By challenging standard conceptions of risk and safety, values can come to the surface that have been so deeply rooted as to have been invisible and which might have proved an impediment to any change. For example, in opposition to the ‘total institutionalisation’ of people with intellectual disabilities in the 1970s, the term ‘dignity of risk’ was coined by Robert Perske to challenge professionals going too far in their effort to protect and keep vulnerable people safe (Perske, 1972). Reflecting on the potential benefit of experiencing day-to-day risk, Perske pointed to the need of vulnerable people to be able to take chances, which requires adopting new skills. Every endeavour is accompanied by an element of risk and that every opportunity for growth carries with it the potential for failure. When people with dementia are denied any dignity of risk, they are being denied the opportunity to learn and recover (Parsons, 2008). Respecting the dignity of risk does however not preclude staff intervention to preserve or enhance autonomy, rather, it emphasises a person’s potential to learn and the possibility to make wrong decisions, which not only involves the person with dementia, but also those that care for him or her.

Therefore, encouraging, supporting and embedding normative learning processes of care professionals institutionally is important when organising good care for people with dementia. Instead of being left alone in learning to know their experiences with difficult issues such as restraint and determining decisions upon them, both staff and care recipients should be supported in this process of becoming aware of their decisions and searching for what matters. Whatever the environment, wandering or other ‘risky behaviour’ should ideally not be viewed as an expression of a disease that needs to be treated or secured and controlled, but as a form of communication, which, despite our limited understanding of the phenomenon, is interpreted and responded to in terms of what is driving the behaviour (O’Neill, 2013).

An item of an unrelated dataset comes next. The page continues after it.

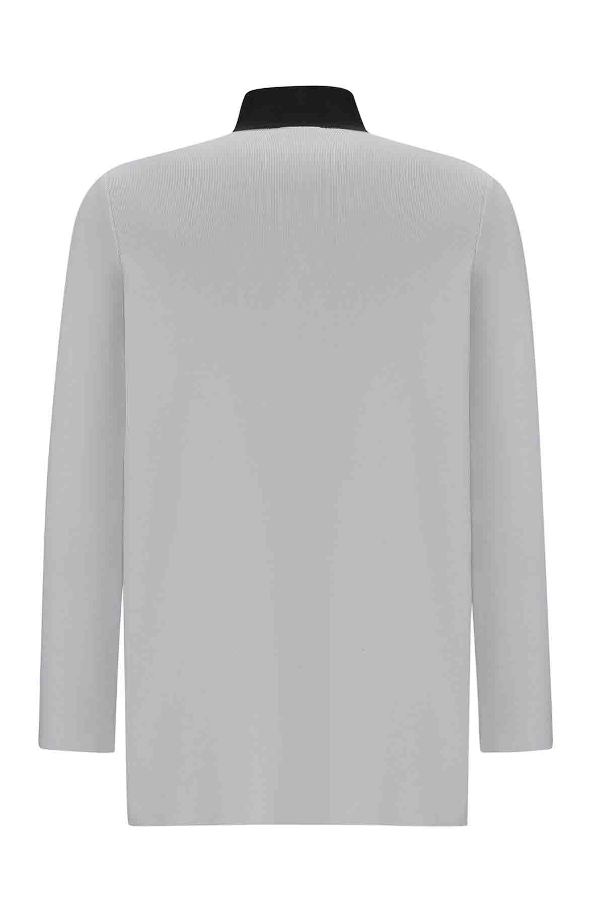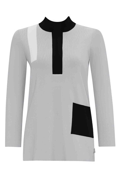 Dik Poplin Yaka Triko Siyah Tunik
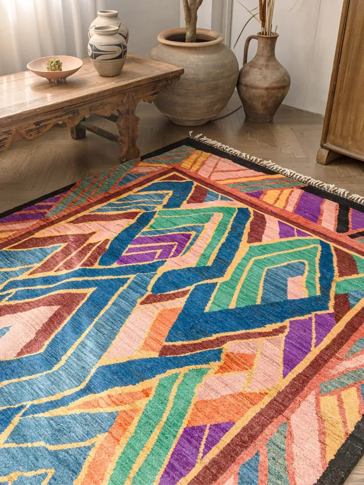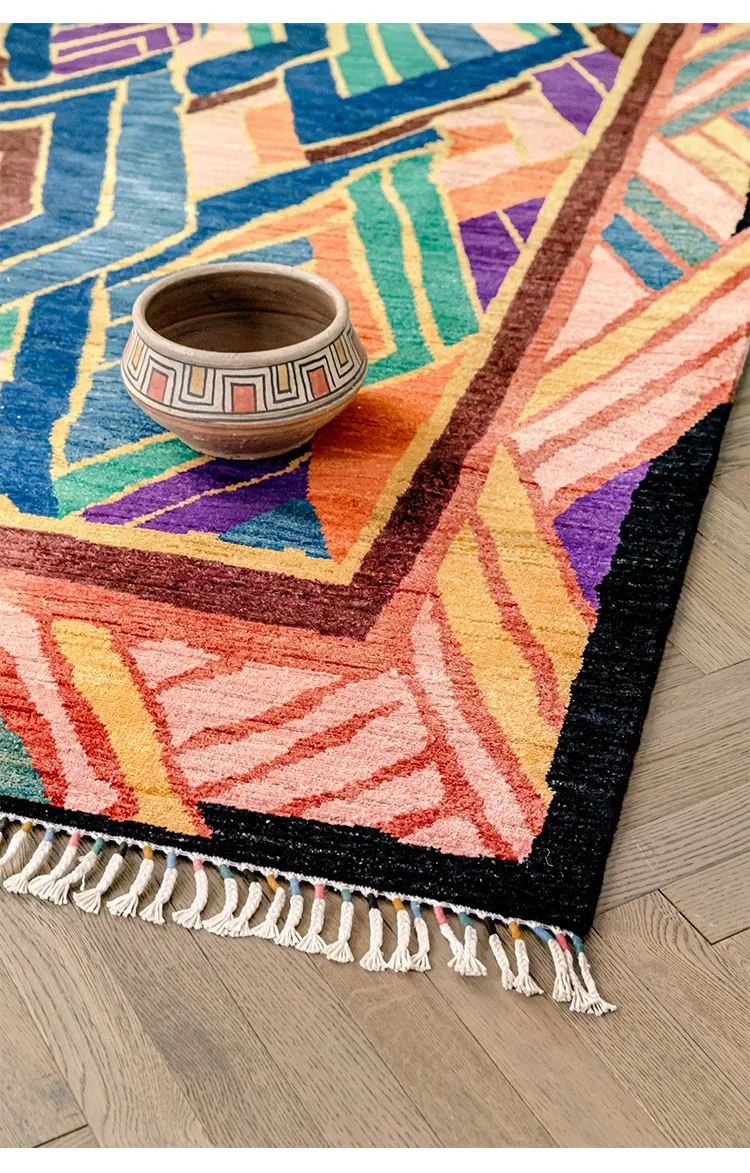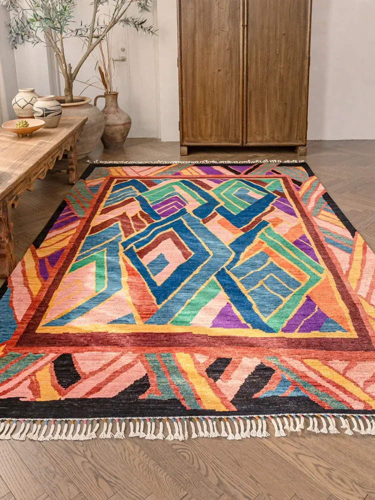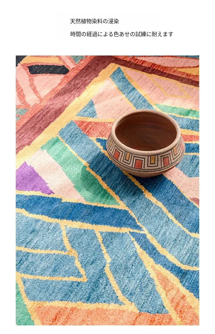 視覚と味覚を楽しむアフガニスタン直輸入のリビングルームラグ!純手作りのウールカーペット、色彩豊かなアートデザインで、接着剤やホルムアルデヒド不使用。お部屋を華やかに彩る一品をお見逃しなく!

By fundamentally (re)drawing on a care vision of safety, whereby care for vulnerable people is considered as a ”practice of risk” instead of a ‘practice of protection’ (Lopez et al., 2010), allowing for, responding to and learning from indeterminacy, including “risky” behaviour, this might provide a starting point in offsetting and opening up the prevailing discourse of safety in dementia care.

[1] a small electronic toy with a screen, programmed to behave as if it were a pet.